The distribution list was configured to only accept emails from authenticated users. Mails to the list that come from me get through because I’m logged in. However, the application doesn’t authenticate with Exchange when it sends emails. As a result they were being blocked by Exchange.

Solution

Change the settings on the distribution list so that it will receive emails from non-authenticated users.

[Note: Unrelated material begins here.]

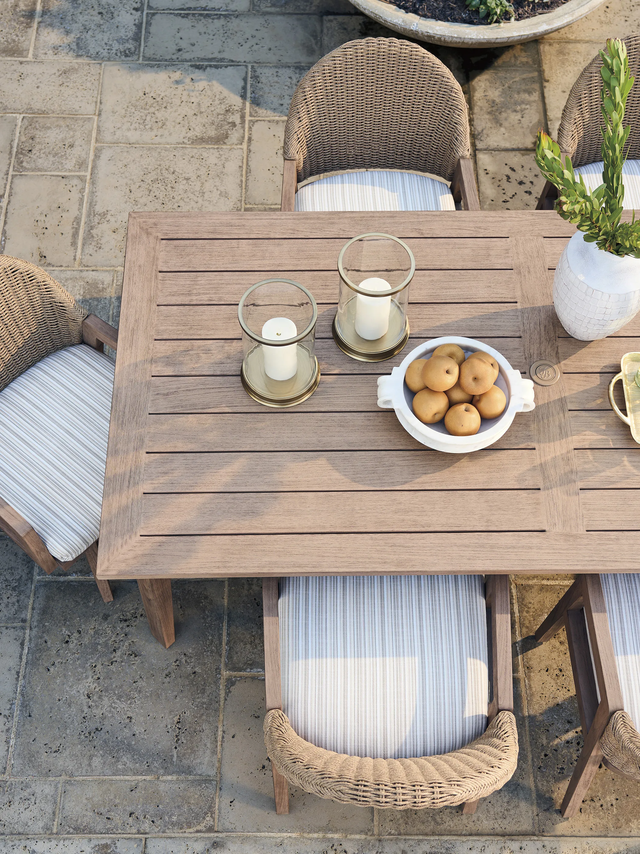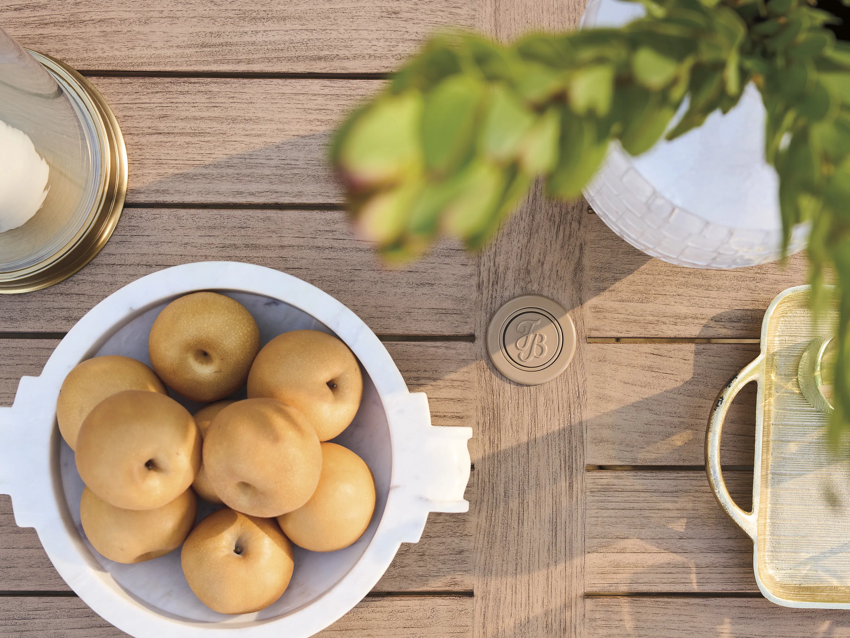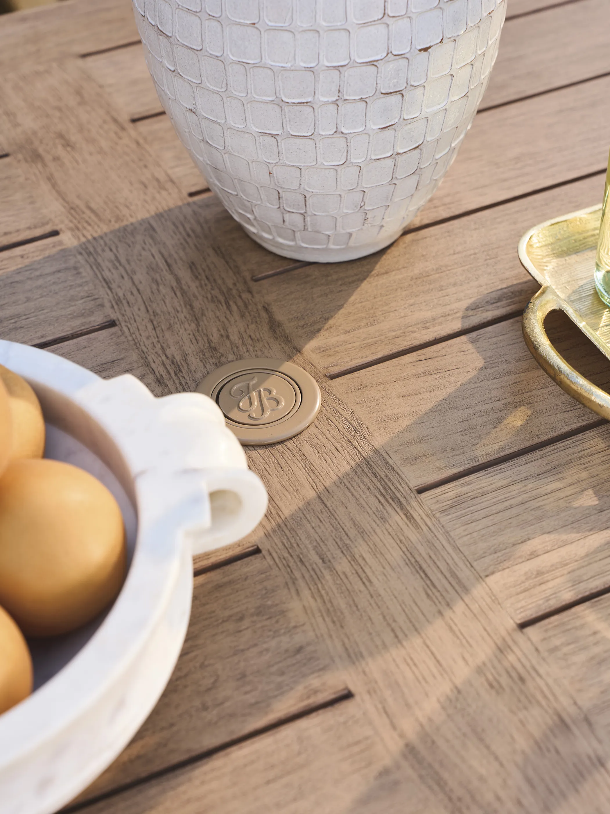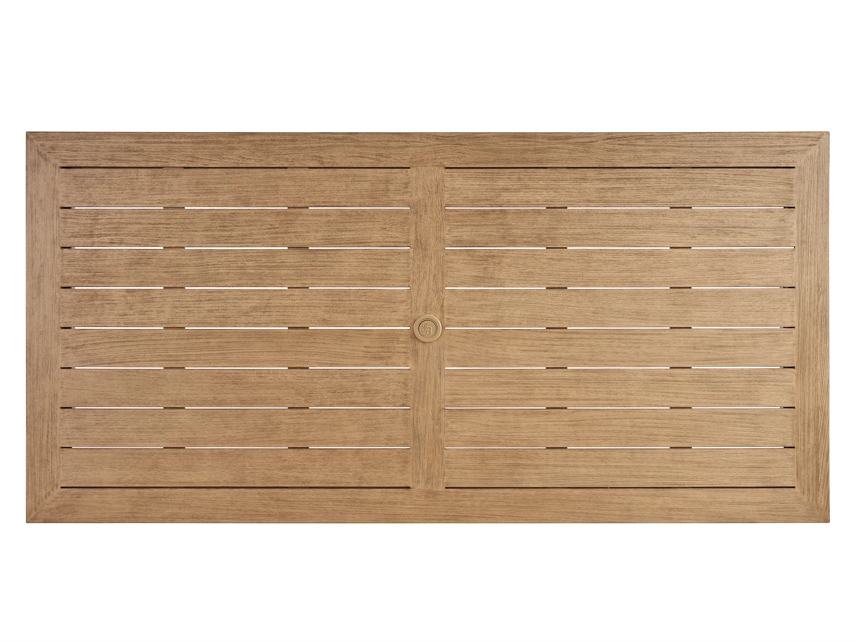 The 91-inch rectangular dining table features a plank top design with mitered border around the perimeter and a pass-through in the middle to accommodate an umbrella. A decorative aluminum insert with a TB monogram is included to conceal the pass-thru when an umbrella is not in use.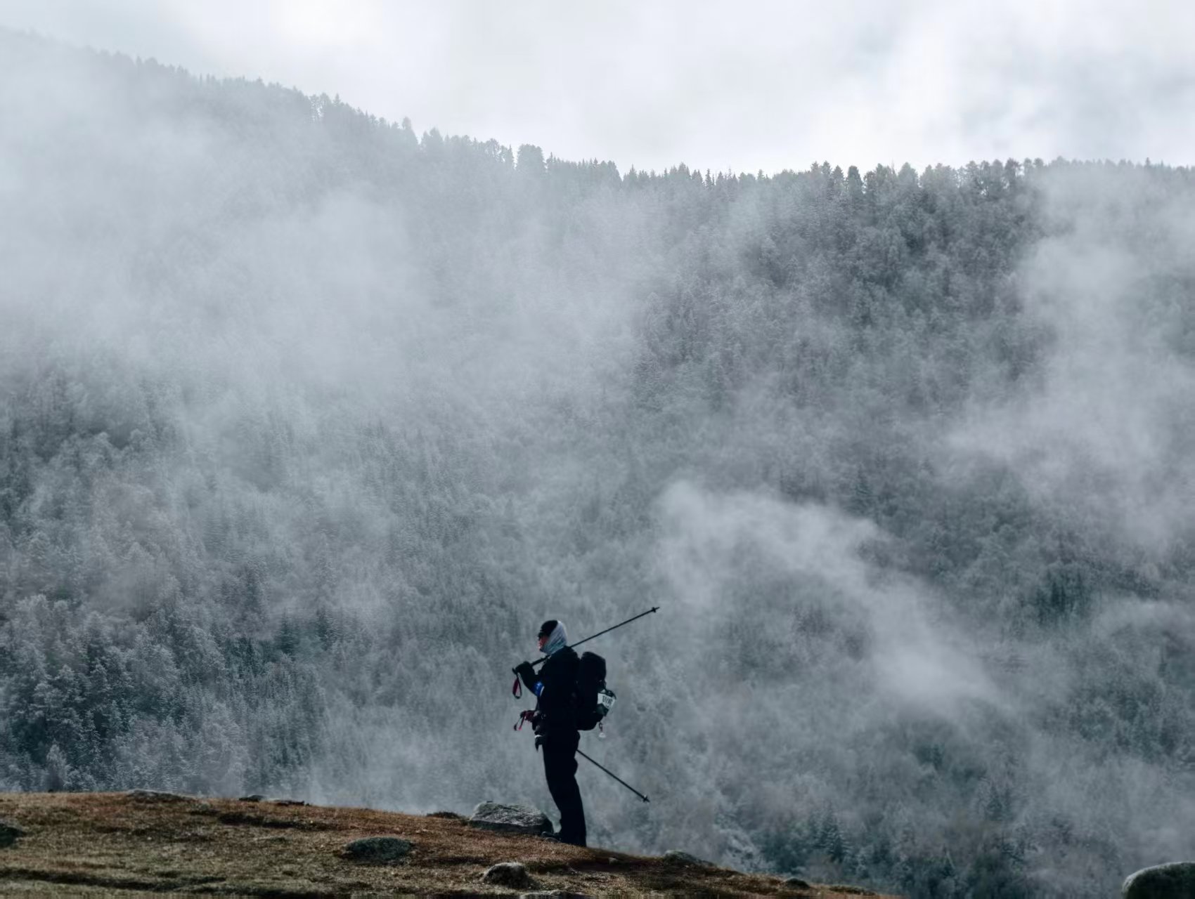 我们大致是9点30多出发,10点抵达第一个打卡点:朝山坪,海拔上升300米左右,此时云逐渐散开,远处的雾凇/雪山/云朵,十分美丽

Lessons Learned from a Failed Deployment

Last week we were scheduled to replace a critical component in a complex, mission-critical hospital system. About two-thirds of the way through the deployment, it became clear that I had missed something during the preparatory work for the change (security, always check security). Additional work would be needed before we could complete the upgrade, and it was very likely that we wouldn’t finish the deployment on time…

Lessons from Previous Implementation Projects

Given the critical nature of this change, experience told us that we needed to do things “properly”. Previous experience suggested that we needed to:

  1. Test the new solution thoroughly (we put 2,000,000 transactions through the new component and compared the results to the old solution).
  2. Write a sufficiently detailed implementation plan
    1. Include prep-work required prior to implementation
    2. Include enough detail so you don’t have to think during implementation. This helps under pressure, and ensures that energy is available to tackle the unexpected.
    3. Outline post-implementation work required
  3. Test the implementation plan (This was not possible for us due to differences between our test and live environments. Rectifying this would cost £ hundreds of thousands).
  4. Write a sufficiently detailed roll-back plan
  5. Test the roll-back plan (Again, not possible).
  6. Keep users and stakeholders informed… allowing plenty of time for them to make necessary arrangements for down-time.
  7. Define a change window
    1. When you’ll cause least disruption during the change
    2. When failure of the new component will cause least chaos
    3. When you have enough support from others
    4. When you’ll have enough time for post-implementation testing
  8. Get approval from stakeholders… in writing
    1. Explain the purpose of the thing you’re changing
    2. Explain why you’re making the change
    3. Say how things are at the moment
    4. Say how things will be in the future
    5. Explain how you will monitor the new solution
    6. Prepare your implementation and roll-back plans in advance
  9. Check the state of the system before changing it (so we could be sure that any faults were due to our changes and not existing faults)

Well, we had done all that, but I had made a minor mistake during prep, so things were going badly.
So, my team leader made the call: to roll back.

Lesson 1: Be Prepared to Roll Back

I don’t just mean having a written plan, although that was extremely useful. I mean psychologically. It is sometimes hard to admit defeat. However, it is better to roll-back than either (1) upset customers by breaching the change window and (2) making mistakes whilst working under pressure. It just isn’t worth it.

Lesson 2: A Successful Roll-Back Is Not a Failure

… it is a tactical retreat. As we had a good roll-back plan we were able to revert to the old module without loss of data, and to do so within the change window. We had maintained the status quo.

Lesson 3: Roll Back Completely

You really don’t want to leave a system in an indeterminate state. As it was, we left some things in place ready for our next roll-out attempt. This was a mistake, as it caused (1) some minor confusion, and (2) if we had forgotten and done more testing, we could have caused corruption of live data.

Lesson 4: Communicate

We explained the reasons for the roll-back and the steps we had taken to make sure that we wouldn’t experience the same difficulties again. This was trust-building, and others were supportive of our action.

Lesson 5: Rally and Retry

Once the roll-back was verified the others went home. I stayed late to fix the problem that had caused the implementation issues.

Conclusion

This was a great learning experience for me. Today we did the implementation again. But this time, it went smoothly.